Another of Sinister’s highlights is “Get Me Away from Here, I’m Dying”. There’s an amusing juxtaposition between Murdoch’s sprightly delivery of the glum opening phrase, “Oooh, get me away from here, I’m dying / Play me a song to set me free,” which is accompanied by a cheery guitar part. The lyrics examine the power of words. “Said the hero in the story / It is mightier than swords / I could kill you sure / But I could only make you cry with these words.” Murdoch repeats the last four words several times as if punctuating their power, proving the hero’s point. 

The crux of Belle and Sebastian’s greatness is that they find themselves in between the saccharine and the overwrought—the pure and the sinister. Sinister is not an album to put on to fall asleep. But nor is it the score to existential angst. “I always just wanted to write about normal people doing normal things because I was not normal,” says Murdoch in the Pitchfork Classic documentary about the album. 

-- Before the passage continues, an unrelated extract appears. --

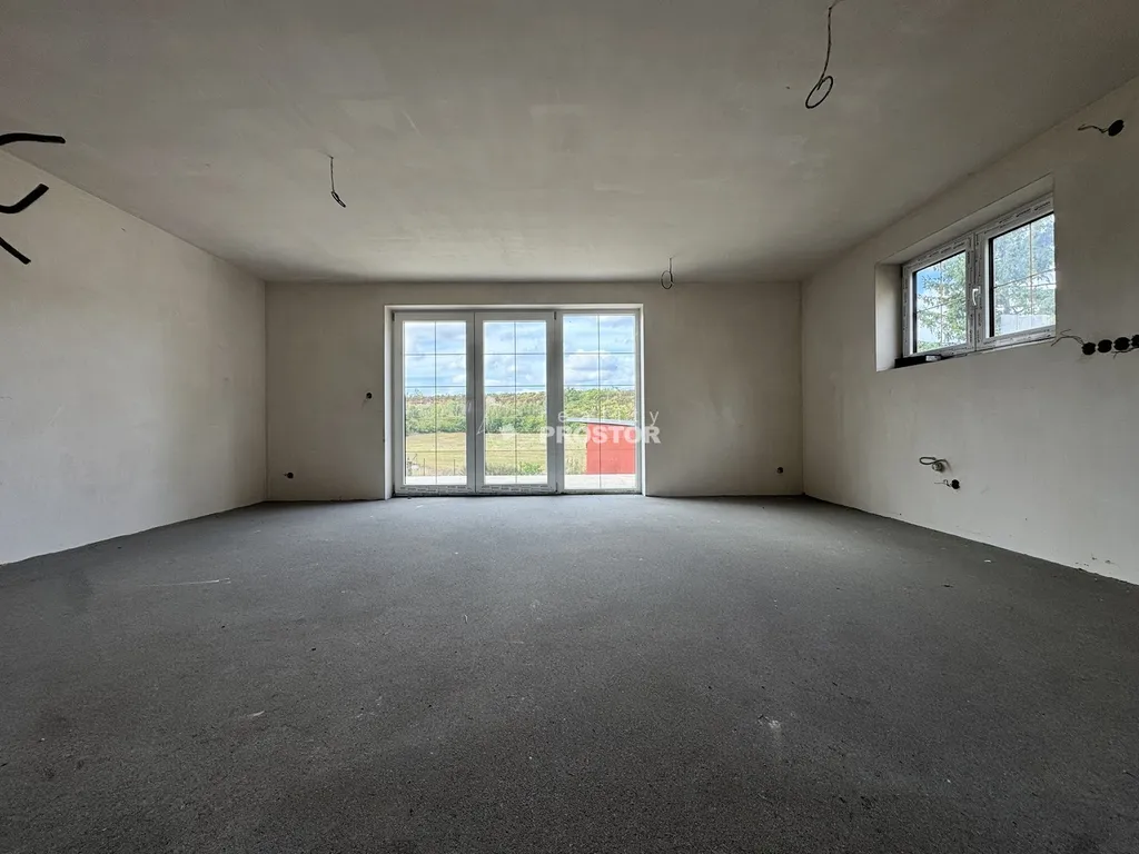 V 1. NP se nachází prostorný obývací pokoj s kuchyňským koutem, komínem pro krbová kamna a výstupem na slunnou a velkou terasu, která umožní příjemnou relaxaci přímo u obývacího pokoje, dále pokoj - plánovaný jako pracovna, technická místnost, koupelna se sprchovým koutem, samostatné WC, dvojgaráž s elektricky ovládanými vraty a důležitým průchodem do domu i zahradu, který je možné dále využít jako úložný prostor.

The specificity and sagacity of Murdoch’s lyrics confirm that it’s the minutiae that contains the most. It’s an arpeggiated minor chord, not a wall of fuzz; a meditation on a track runner or a child playing in the snow. The power of words themselves. With the enforced repose of CFS/ME as a catalyst for his songwriting, he and his bandmates delivered music that made small desires sound less small, but it left an immense impact. So, if you are feeling sinister, you could do a lot worse than this old sad bastard music.